Home Electric Vehicles Tesla still on track to achieve record deliveries amid demand concerns

Tesla still on track to achieve record deliveries amid demand concerns

0

Tesla (TSLA.US) is expected to announce record quarterly deliveries in early January, but the company is grappling with inflation, rising interest rates, falling production and concerns about weak demand that may still struggle to satisfy investors. To clear inventory, Tesla is offering a rare $7,500 discount to U.S. customers who buy a Model 3 or Model Y, as well as 10,000 miles of free Supercharging.

Deliveries are one of the most closely watched metrics by investors, who are eager to see if Tesla can keep up its rapid growth. Global sales could reach 420,760 vehicles in the fourth quarter, according to 16 analysts, a forecast figure that (excluding some of the analysts’ recent projections) exceeds the record 343,830 vehicles delivered in the third quarter.

Tesla warned that it will achieve this goal in 2022, but Tesla may compromise on gross margins. Tesla has lowered prices on all its products in China and extended the shutdown of its Shanghai plant.

Last April, Elon Musk said that Tesla would produce more than 1.5 million cars by 2022. The company produced 929,910 vehicles in the first three quarters, so to achieve that goal it would need to produce more than 570,000 vehicles. In the third quarter, production exceeded deliveries by more than 22,000 vehicles, a gap that is likely to continue in the fourth quarter as cars remain in transit through the end of the year.

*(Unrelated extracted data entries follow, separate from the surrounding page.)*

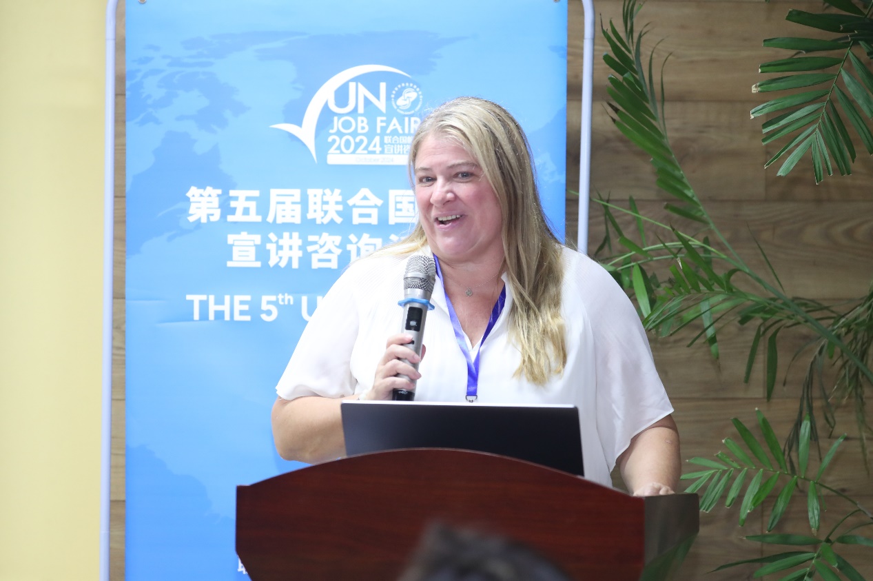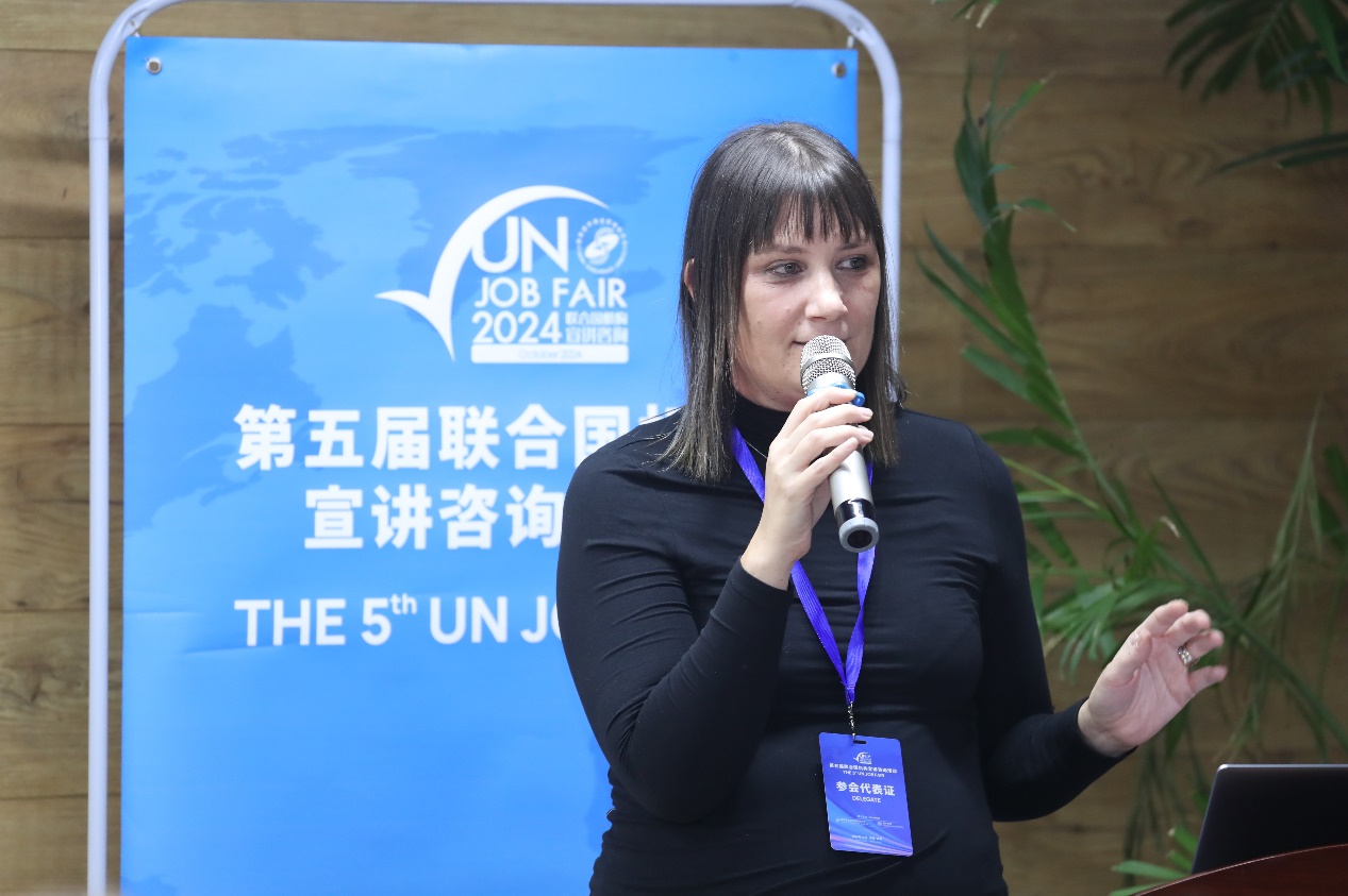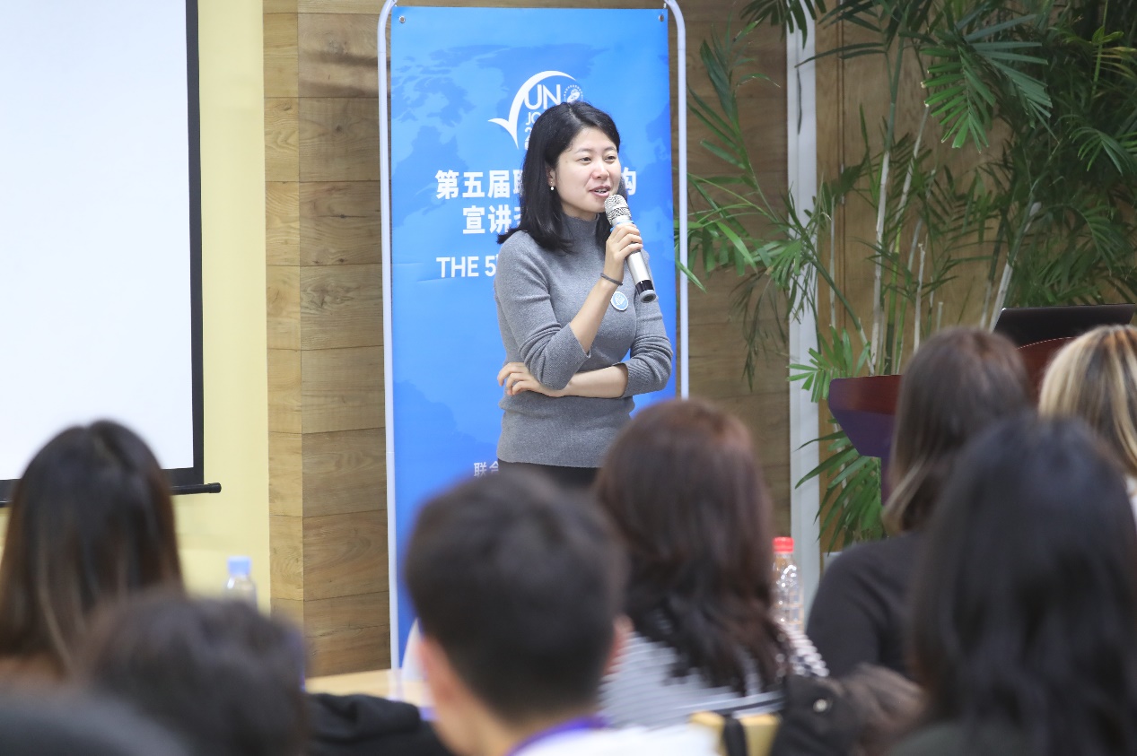 联合国粮农组织(UN FAO)总部人力资源官员Mami Wada、联合国维也纳办事处和联合国毒品和犯罪问题办公室(UNOV&UNODC)人力资源管理服务部副主任Bettina Feichtinger-Erhart、国际统一私法协会(UNIDROIT)人力资源协调员兼秘书长助理Valentina Viganò、联合国日内瓦办事处(UNOG)高级人力资源官员Elena Cristina Nitoi、联合国难民署(UNHCR)人力资源部征聘组负责人Regina Cordero以及巴黎政治大学中国办公室驻华代表韩赫逐一发言,介绍各机构的主要职责,并就国际组织实习与求职申请给出诸多建议。代表们表示申请国际组织职位前,申请人需要做足准备,尤其要主动了解招聘职位的职责同自身经历的匹配程度,并鼓励同学们可从小目标开始,保持热情与信心。
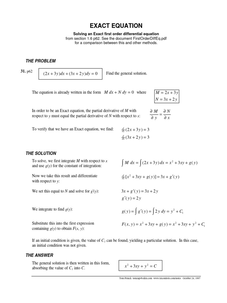Solving Exact Equations in Mathematics: Definition, Examples, | Course Hero
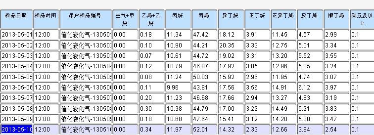 | FCC催化裂化得到的C3组分中丙烯的含量 |
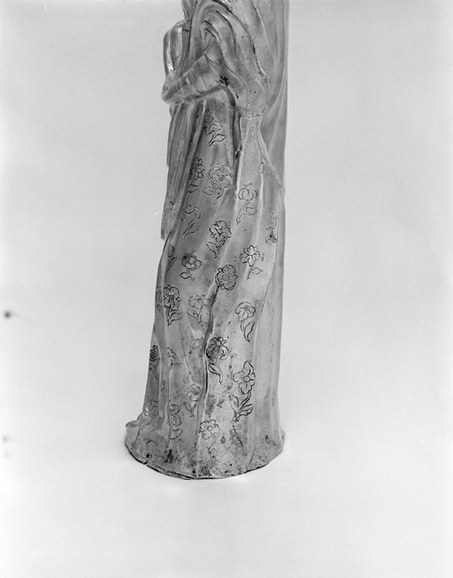 Statuette - Vierge à l'Enfant, détail de la robe fleurie : chute du voile côté droit.Immatriculation
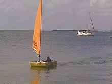 Gary Blankenship (aka Lugnut) sailing ECduck in Key Largo.
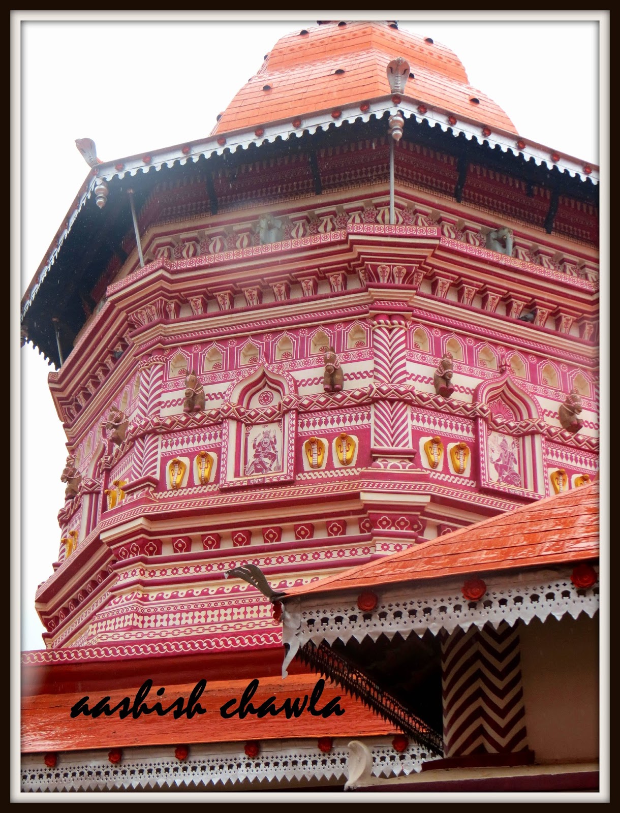 and from the Muardha Mantap one enters Mukhya Mantap which is nothing put a large prayer hall in front of “Gharbhagudi”. The Vimana is an octagonal tower which tapers into a mild arch in the normal goan temple architectural style.
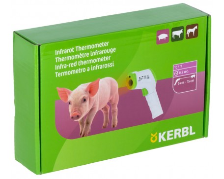 Инфрачервеният термометър Kerbl позволява безконтактно, бързо измерване на температурата на хора, животни и предмети - идеален за серийни измервания.
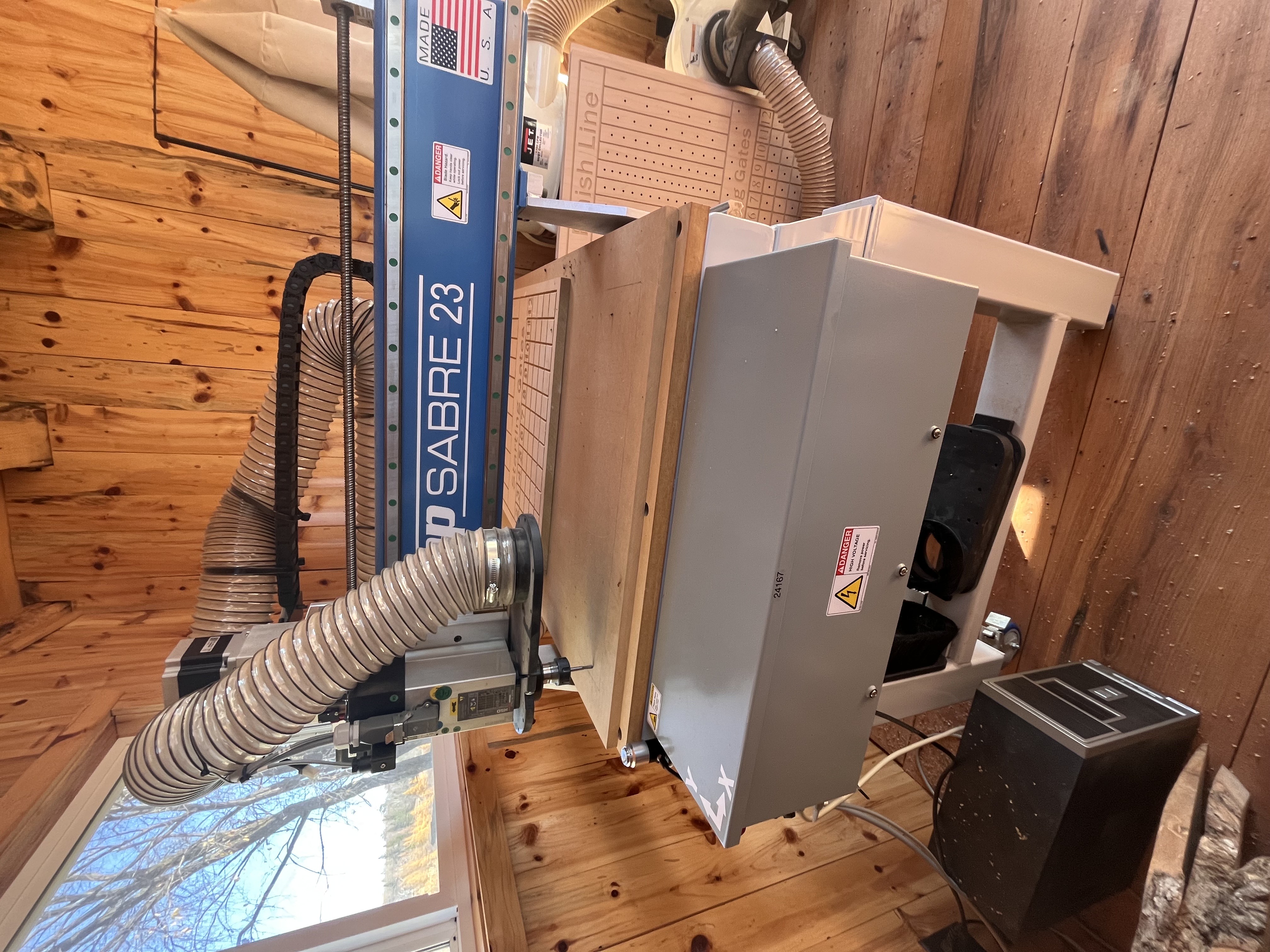 I am selling our shop saber 23 equipped with vacuum hold down. I have attached the original order sheet as well. This machine comes with the tooling on the list as well as other bits from Vortex tooling. The machine only has 40-50 hours on it. It also comes with the computer with VCarve on it to run the machine. Shipping would be an extra cost
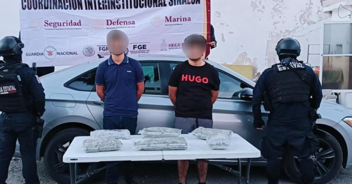 Mazatlán, Sinaloa.— Dos hombres fueron detenidos y asegurados con cerca de 3 kg de presunta marihuana durante un operativo en Potrero de Carrasco; la intervención ocurrió el , informaron autoridades.
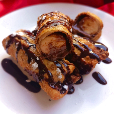 Egg rolls rellenos de plátano y Nutella, espolvoreados con azúcar flameada
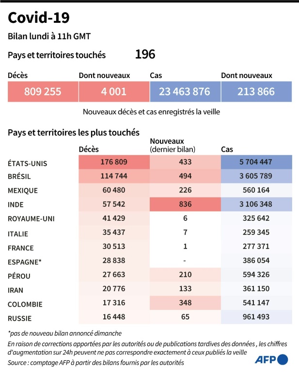 Plus de 23.463.870 cas ont été diagnostiqués dans 196 pays et territoires. Les États-Unis sont le pays le plus touché avec 176.809 décès. Suivent le Brésil avec 114.744 morts, le Mexique (60.480), l'Inde (57.542) et le Royaume-Uni (41.429).
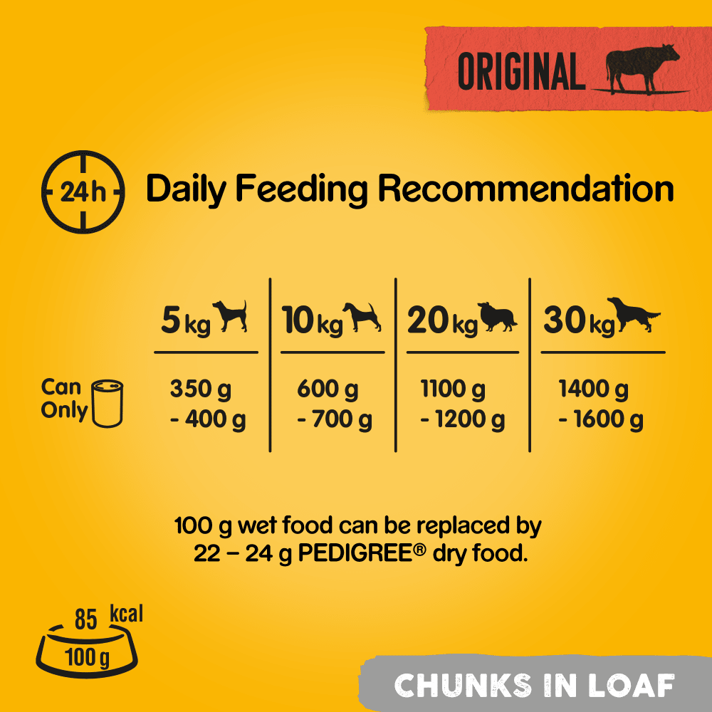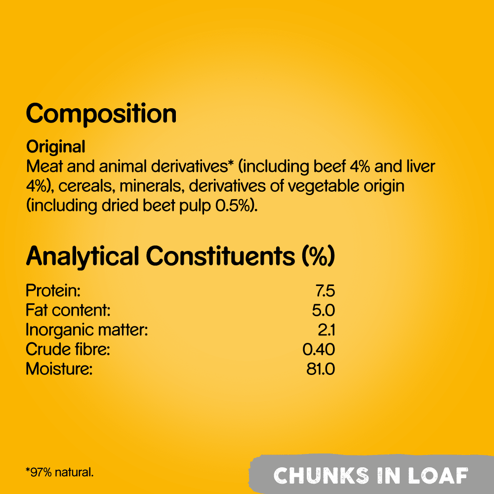 PEDIGREE® Original in Loaf, a 100% complete and balanced dog food made with carefully selected natural ingredients, plus essential vitamins and minerals, ensuring it fulfills all the dietary requirements needed to fuel your dog's exuberant love of life.

Robert W. Baird analyst Ben Kallo lowered his estimates for fourth-quarter and 2023 deliveries to account for the production slowdown and weakening macro environment. “I’m concerned about the general economic environment. Can people afford to buy $60,000 cars? That’s what the market is worried about.”

Tesla’s Model 3 and Model Y account for the vast majority of sales, and the company will announce global delivery and production totals within three days of the end of the fourth quarter. Tesla has had a practice of going all out at the end of the quarter, with all Tesla employees doing their best to deliver cars to customers. On the last earnings call, the company’s chief financial officer, Zachary Kirkhorn, said that one-third of third-quarter deliveries occurred in the last two weeks of the third quarter.